Jun 27
2016
Motivated Attackers Will Find a Way Into Any Given Network
Guest post by David Thompson, senior director, product management, LightCyber.
Healthcare organizations are stuck between being an ever increasing target of a data breach and generally having less security resources than a comparable enterprise. It’s a classic situation of needing more with less, with all of the urgency of a full-scale crisis.
Now it’s not uncommon to see the same organization suffer its second or third data breach, and patience (patients too) are wearing thin. At the same time, we know that many organizations have intruders that are lingering and have stayed hidden for a year or more. It’s possible the cybercriminals are using an undiscovered foothold in one organization to get to another within the same health or provider network.
Almost without exception, healthcare organizations of all sizes seem helpless to be able to stop a data breach. Stopping a breach means different things to different people, and that is part of the problem. A good portion of the industry is still focused on completely keeping an intruder from getting into their network. This is a fool’s errand and simply not achievable. Motivated attackers will find a way into any given network. Some professional vulnerability contractors will guarantee that they can break in to your network within two days. There are far too many ways for an attacker to get in, particularly through an employee account or computer.

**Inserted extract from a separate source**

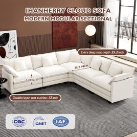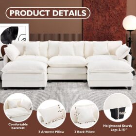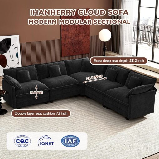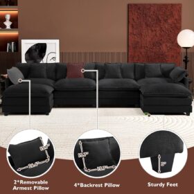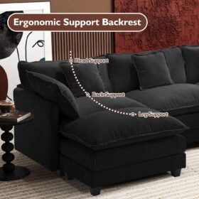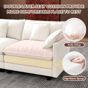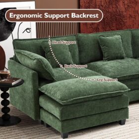 - 【Ergonomic Design】Ihanherry U-shaped couch is equipped with four backrest pillow, two removable armrest pillows and two ottomans, providing extra support for the back and waist. Each pillow feels like as soft as clouds. When you sit on the sofa, it can cling to your back and waist, giving you an extremely comfortable experience.

So, you can’t keep a network intruder out, but you can try to detect their presence as quickly as possible. Almost all healthcare organizations currently lack this capability, but some newer solutions and procedures are showing great promise in making the speedy detection of a network attacker a reality. The good news is that these approaches might only require an hour or two of personnel time each day—and sometimes quite a bit less than that—so it is well within the means of a small healthcare IT group that wears multiple hats and is always pulled thin.